— Data provided —

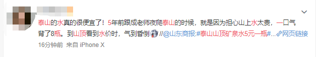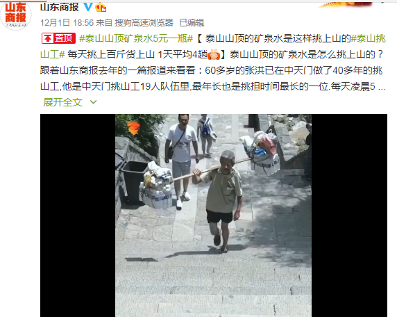 山东商报报道中强调,据当地商户介绍,泰山山顶5元的矿泉水是人力挑上山的,并将一篇报道泰山挑山工的新闻标为微博置顶。
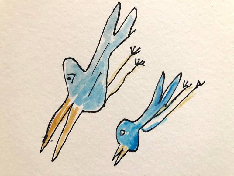 Part of a series of animal drawings that my children enjoy. May be appropriate for a different and original slant to nursery decor. Ink drawing on high quality heavy paper, hand water colored, signed and dated.
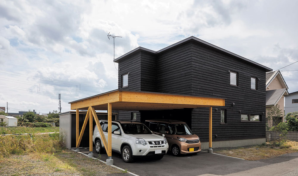 屋根/ガルバリウム鋼板、外壁/道産スギ板張、建具/玄関ドア:木製断熱ドア、窓:木製サッシ 一部樹脂サッシ
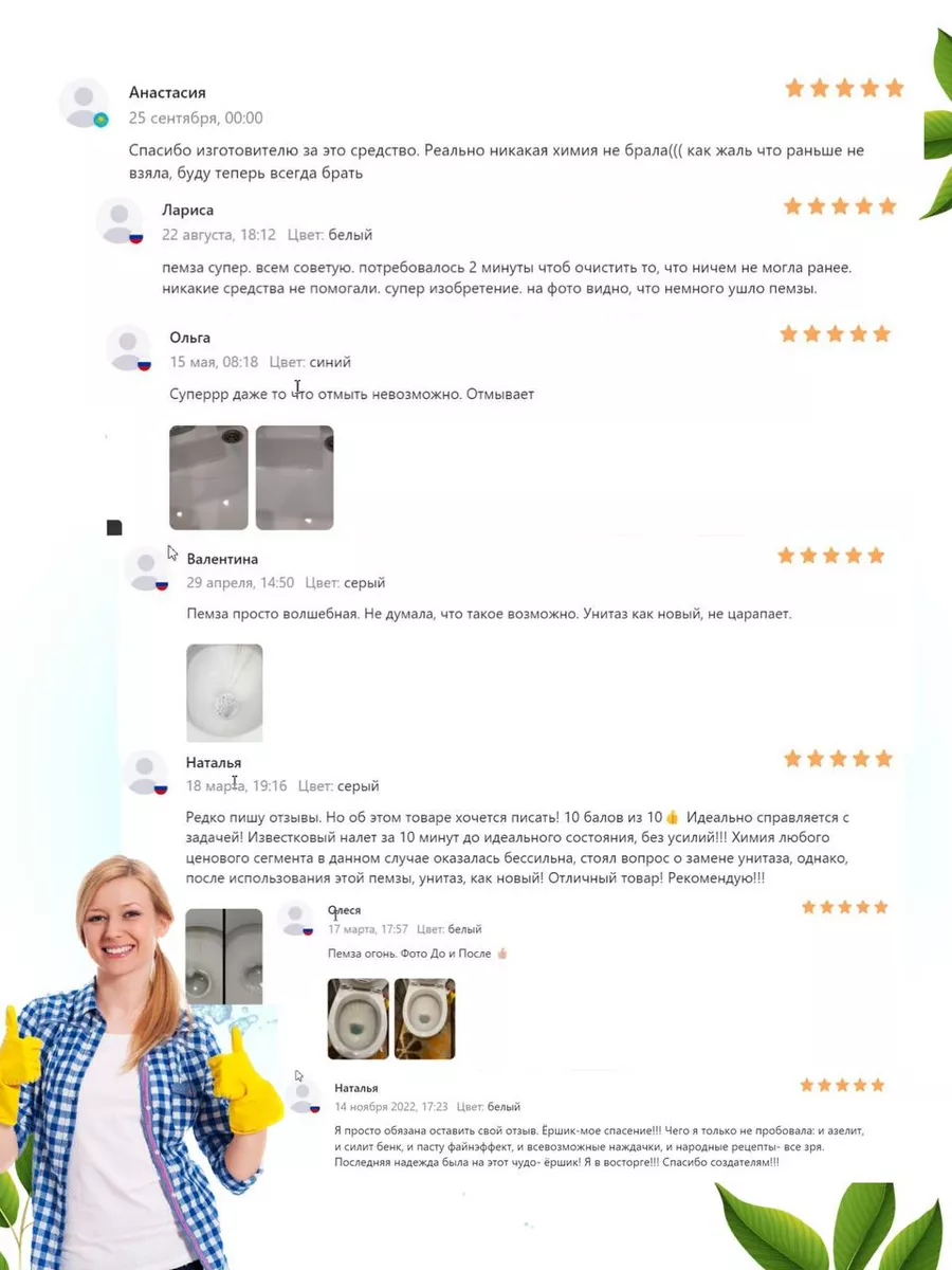 Описание: Очиститель пемза для уборки дома – это самое лучшее натуральное чистящее средство от ржавчины и известкового налета, которое поможет вам в чистке ванны и туалета, бассейнов и душевых кабин, любой сантехники и керамической плитки имеющих прочную поверхность. Такой ершик пемза для ванных комнат и туалетов отлично удалит любые загрязнения с поверхности кафеля, унитазов, раковин, моек и прочей сантехники и бытовых предметов. Это универсальное средство для уборки, которое отлично подходит не только для туалета и ванных комнат, но также он будет полезен и на кухне, для чистки плитки как антижир, кастрюль сковород противней, а также мангала гриля барбекю шампуров решёток и прочей утвари. Этот супер очиститель легко справляется с налетом ржавчины, солевыми отложениями и плесенью, нагаром и копотью, удалит пригоревшие частички жира и любые стойкие загрязнения. Результат после применения этого средства от налета вас обязательно порадует. Такой очиститель для унитаза, просто уникальный эко продукт, он не имеет запаха, не содержит хлора и прочих агрессивных химических веществ, абсолютно безопасен для использования и заменит вам множество хозяйственных товаров и бытовой химии. Это экологичное средство не впитывает запахи, жир и грязь, очень проста в применении, необходимо только смочить пемзу и очищаемую поверхность водой и потереть загрязнённый участок. Это средство для унитаза от известкового камня и ржавчины - очень мощное чистящее средство, поэтому его не стоит использовать на легко травмируемых поверхностях, таких например, как: акрил, пластмасс, стеклокерамика, хромированные и антипригарные поверхности и т.п. С этим средством от ржавчины и мочевого камня, уборка санузлов в доме станет намного легче и эффективнее. Если ни одно чистящее средство для сантехники, не принесло Вам нужный результат, то можете с уверенностью брать этот очиститель от налета. Мы уверенны, Вы останетесь довольны полученным результатом. Сложные загрязнения теперь перестанут быть вашей проблемой!
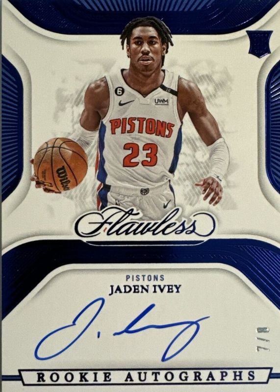 The Jaden Ivey 2022 Flawless #DA-JIV Distinguished Autographs - Blue /8 Rookie card in Raw condition has not changed in price in the last 30 days and was last sold for $210.00 .
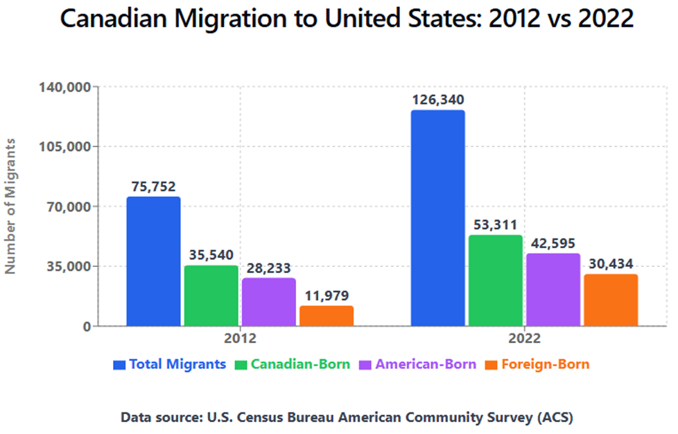 The data shows that the numbers of people migrating from Canada to the US nearly doubled in only 10 years (from 75,752 in 2012 to 126,340 people in 2022). To the US, many people are moving. Due to this fact, many more vehicles are now being shipped. More activity also helps auto movers provide service that is better as well as more affordable.
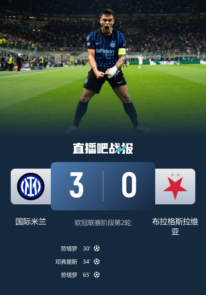 国米3-0布拉格斯拉维亚欧冠两连胜劳塔罗双响邓弗里斯建功
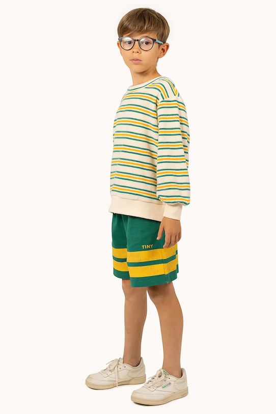 Детские шорты из коллекции Tinycottons. Изготовлены из слегка эластичной ткани для комфорта и свободы движений. Приятный хлопковый материал. - Простой дизайн, не стесняющий движений. - Обхват талии обычный. - Эластичный пояс. - Завязки на талии. - Модель с принтом. - Этот продукт изготовлен из сертифицированного органического хлопка, который выращен и собран из растений, не содержащих ГМО, без использования химических удобрений и пестицидов.
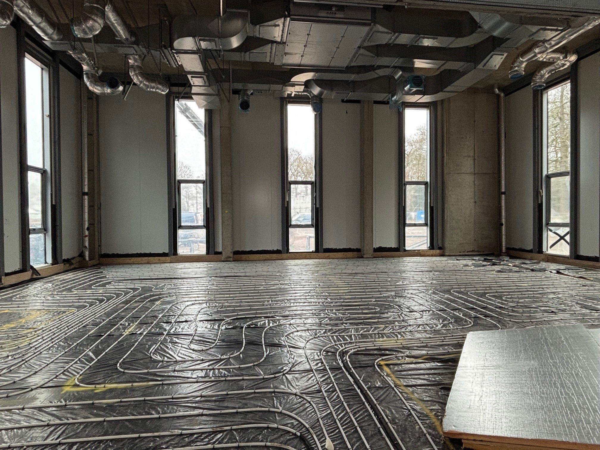 Our latest photos reveal the bespoke wooden bedheads being installed in patient and visitor bedrooms, and underfloor heating being installed throughout the ground floor including the main gym.
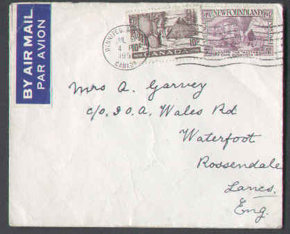 #6046 - 10c Fur + Newfoundland 5c The Matthew - Winnipeg,Man-Jul 9 1951-15c airmail rate to England - Member of the Canadian Stamp Dealers Associatio...
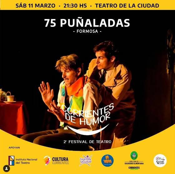 Sótano, del grupo Imágenes (Misión Laishí) y 75 puñaladas, del grupo Los Miastocos (Formosa capital) son las dos obras que desde hoy al domingo participan del 2° Festival de Teatro Corrientes de Humor, junto a producciones de Brasil, Chaco, Misiones, San Luis y Corrientes. El objetivo del Festival es aunar esfuerzos en la región NEA de grupos y propuestas de espectáculos de humor, que se puedan realizar en salas y espacios no convencionales, buscando el acercamiento del público a este género teatral.
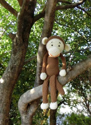 ボクの名前はモン太ありきたりな名前でしょもっとカッコいい名前がよかったんだけど一晩考えても思いつかなかったんだって・・・大好物はバナナちょっと気の弱いところもあるんだけどイベントでは看板息子としてがんばります!!ソファーに寝っ転がってるモン太君。このポーズ誰とは言いいませんがとっても似てるんですよ家でテレビを見ているあの人に・・・イギリス在住のちむちむさんのお猿の編み図を参考に作りました。ありがとうございました!
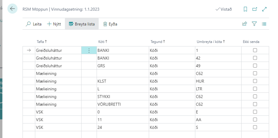 Mikilvægt er að allar mælieiningar sem verið er að nota séu rétt varpaðar. Fyrirfram ákveðnir kótar eru svo notaðir til að mappa mælieiningarnar. Með því að nota þessa kótatöflu er verið að fylgja kótatöflu UN/ECE. Hér fyrir neðan má sjá lista yfir helstu mælieiningar. Athugið að hér eru bara mælieiningar, ekki pakkningar líkt og tunna, kassi. Ef notaðar eru slíkar mælieiningar er hægt að nota kótann C62 sem þýðir einn.
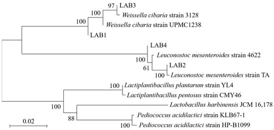 The bacteria were subsequently identified through biochemical and physiological characteristics (Table A8) and 16S rRNA sequencing (Appendix B). The NCBI database was utilized to conduct similarity and sequence homology comparisons (Figure A4), while a phylogenetic tree was constructed using MEGA 11.0 software (Figure 2). The identified species were Weissella cibaria (LAB1, LAB3) and Leuconostoc mesenteroides (LAB2, LAB4) (Table 1).

— Assignment —
From the records above, give again only the part that opens with the line containing "国米3-0布拉格斯拉维亚欧冠两连胜劳塔罗双响邓弗里斯建功" and closes with the line containing "#6046 - 10c". Keep both ends but drop the pictures.

— Exercise solution —
 国米3-0布拉格斯拉维亚欧冠两连胜劳塔罗双响邓弗里斯建功
 Детские шорты из коллекции Tinycottons. Изготовлены из слегка эластичной ткани для комфорта и свободы движений. Приятный хлопковый материал. - Простой дизайн, не стесняющий движений. - Обхват талии обычный. - Эластичный пояс. - Завязки на талии. - Модель с принтом. - Этот продукт изготовлен из сертифицированного органического хлопка, который выращен и собран из растений, не содержащих ГМО, без использования химических удобрений и пестицидов.
 Our latest photos reveal the bespoke wooden bedheads being installed in patient and visitor bedrooms, and underfloor heating being installed throughout the ground floor including the main gym.
 #6046 - 10c Fur + Newfoundland 5c The Matthew - Winnipeg,Man-Jul 9 1951-15c airmail rate to England - Member of the Canadian Stamp Dealers Associatio...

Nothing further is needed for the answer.